Senators Casey and Blunt, thank you for coming in. I appreciate it. I want to bring in the panel. Mike Murphy, Andrea Mitchell, Stephanie Cutter, and Manu Raju. Alright Andrea, what we've heard today so far. Do you think we're in a position where it looks like the government and particularly, the Obama administration's finally reacting with the urgency that I think a lot of people thought was missing?

ANDREA MITCHELL:

Not clear. It's clear that they've appointed someone, and that's a somewhat controversial appointment, to be in charge and to coordinate. It's not clear to me yet that hospitals all around the country are getting the message. But they have to do drills. Have they done the drills? Do they have the gear? Is it even stocked in these places?
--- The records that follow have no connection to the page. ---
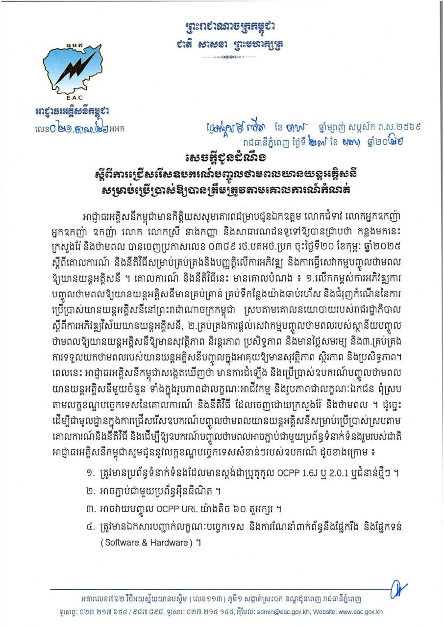(ភ្នំពេញ)៖ អាជ្ញាធរអគ្គិសនីកម្ពុជា បានចេញសេចក្ដីជូនដំណឹង ស្តីពី «ការជ្រើសរើសឧបករណ៍បញ្ចូលថាមពលយានយន្តអគ្គិសនី សម្រាប់ប្រើប្រាស់ឱ្យបានត្រឹមត្រូវ តាមគោលការណ៍កំណត់»។ នេះបើតាមសេចក្ដីជូនដំណឹង ដែលបណ្ដាញព័ត៌មាន Fresh News ទទួលបាននៅថ្ងៃទី២៧ ខែមករា ឆ្នាំ២០២៦៕
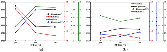 The analysis of DLC properties in the RF bias range of 200–400 V (a) with, and (b) without DC power of 50 W with CH4 flow rate of 15 sccm. (CH4 = 15 sccm, thickness: (a) 470 nm and (b) 110 nm).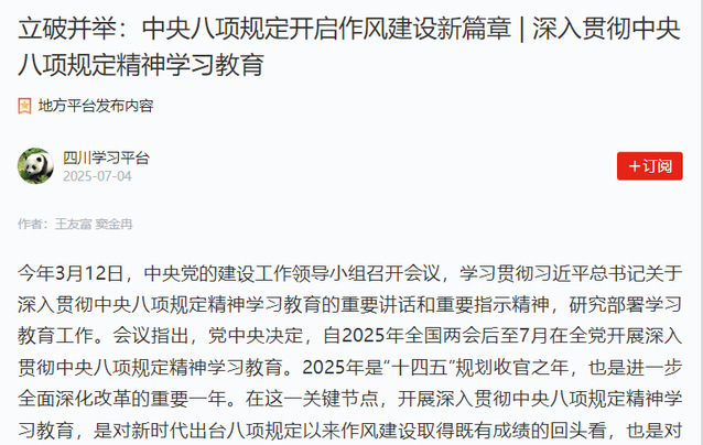 2025年7月4日,《学习强国》四川学习平台以“立破并举:中央八项规定开启作风建设新篇章| 深入贯彻中央八项规定精神学习教育”为题,报道了bevictor伟德,伟德bv国际体育王友富教授与伟德bv国际体育2023级研究生窦金冉撰写的理论阐释文章。全文如下: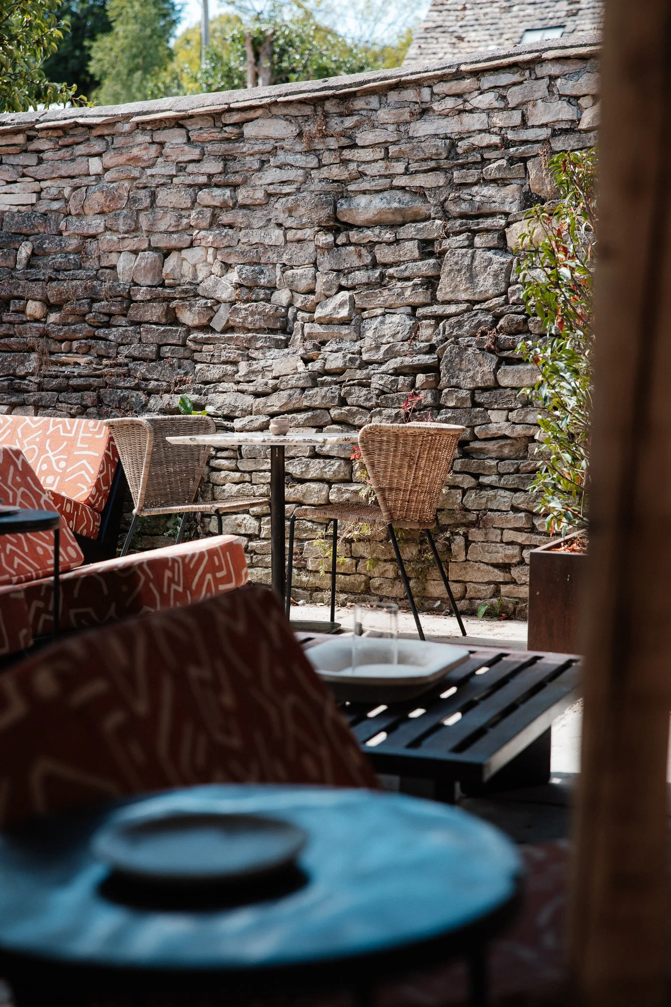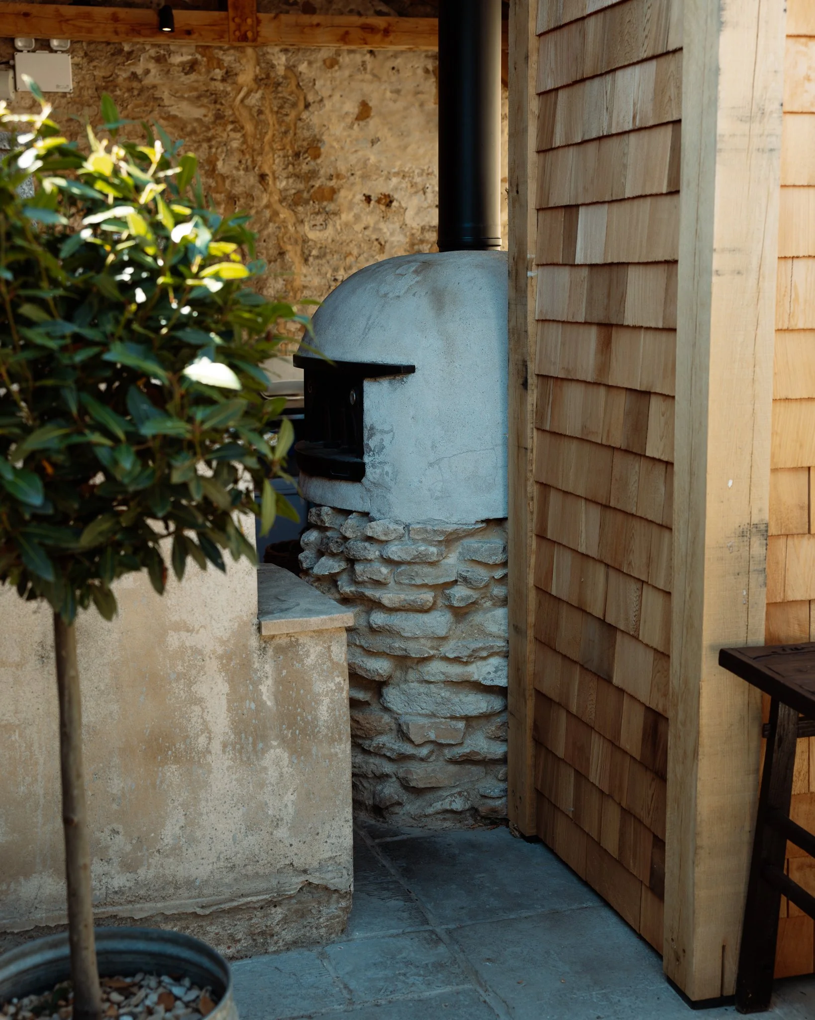 An outdoor oven with a rounded top and a black door, built on a stone base, situated in a space with a wooden wall and stone wall background, and a potted plant with green leaves in the foreground.
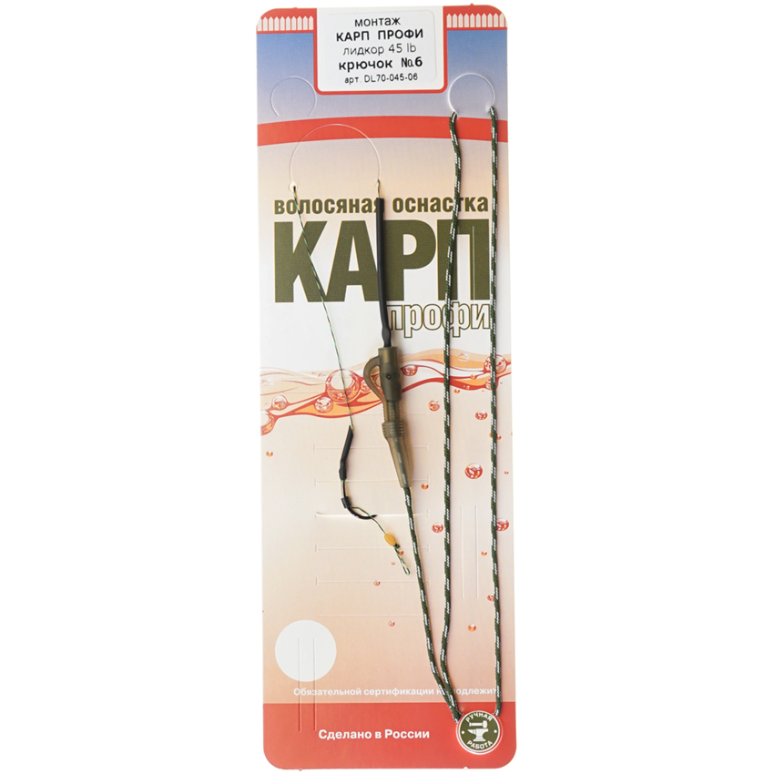 Монтаж волосяной Карп Профи Лидкор (клипса 110гр, крючок №6, тест 10кг)

Will another emergency room in a regional or a local hospital make the same mistakes that Texas made when Mr. Duncan first came in? Because that's where a lot of exposure came. And then, most alarmingly, the fact that the nurses went, by their own account of the records from that hospital, that Nurse Pham, apparently, unless the records are incorrect, went in and out of that isolation area without the proper gear having been given to her.

CHUCK TODD:

Manu, question for our experts over here.

MANU RAJU:

I mean, we're talking about budget cuts and the ability to find a vaccine. I mean, the bottom line is that the NIH still has about, you know, billions of dollars a year that it spends on finding a vaccine. I'm wondering, to what extent do you think the government is to blame for not prioritizing efforts to find a vaccine for Ebola?

CHUCK TODD:

Laurie, why don't you take that?

LAURIE GARRETT:

You know, I think that's very grossly unfair. At least it's targeting the wrong piece of it. Because yes, Project Bioshield was created, the idea was to get incentives for industry to come up with vaccines and so on for Ebola and other key pathogens. And the problem was that no one could convince industry that it was in their interest to build up a huge stockpile simply that might never get used, might never get purchased.
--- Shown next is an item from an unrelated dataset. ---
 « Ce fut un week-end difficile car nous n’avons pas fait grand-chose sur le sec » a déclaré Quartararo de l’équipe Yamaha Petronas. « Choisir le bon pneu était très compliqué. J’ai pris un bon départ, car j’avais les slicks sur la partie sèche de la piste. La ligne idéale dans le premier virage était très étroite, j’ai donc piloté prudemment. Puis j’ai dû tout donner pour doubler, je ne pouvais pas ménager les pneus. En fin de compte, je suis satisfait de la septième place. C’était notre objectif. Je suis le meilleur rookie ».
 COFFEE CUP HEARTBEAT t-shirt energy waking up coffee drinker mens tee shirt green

When did you imagine you would need an Ebola vaccine? So in fact, there was a vaccine center at NIH, they did develop a prototype-possible Ebola vaccine, as have other sites in other companies and locations around the world, but there was no incentive to take it through the pipeline for commercialization.

CHUCK TODD:

Mike Murphy, you had a question.

MIKE MURPHY:

Yes. Describe to me, math is a big element of this. And the math is in Africa. We tend to narcissistically focus on here. But that's where it's out of control. We're the only superpower. It is going to land on us. What needs to be done? What are the specific resources needed to start bending a curve before it's out of control completely?

LAURIE GARRETT:

I'm so glad you asked that. All right, look, the harder we make it for volunteers to be assured that they can come home to America after they've been in the epidemic, the harder it is to recruit people to go and be in the epidemic. And we are understaffed in terms of both our military staffing and healthcare worker staffing grossly. I mean, order of magnitude. We're behind the virus. The virus is up in a marathon, it's up on the 20-mile line. And the response is still back around five miles.

CHUCK TODD:

Dr. Kelen, how do you incentivize more doctors and healthcare worker from here to go? Because it seems that this one, there's been some hesitance.

DR. GABE KELEN:

Well, some of these issues that have just come up, people are scared to go into that environment because they have seen all the news that they may actually get infected. And we have heard earlier from our colleagues who have been there that PPE supply was not assured, that one week they'd have one time of supply, the next week, nothing, the week after that, something else.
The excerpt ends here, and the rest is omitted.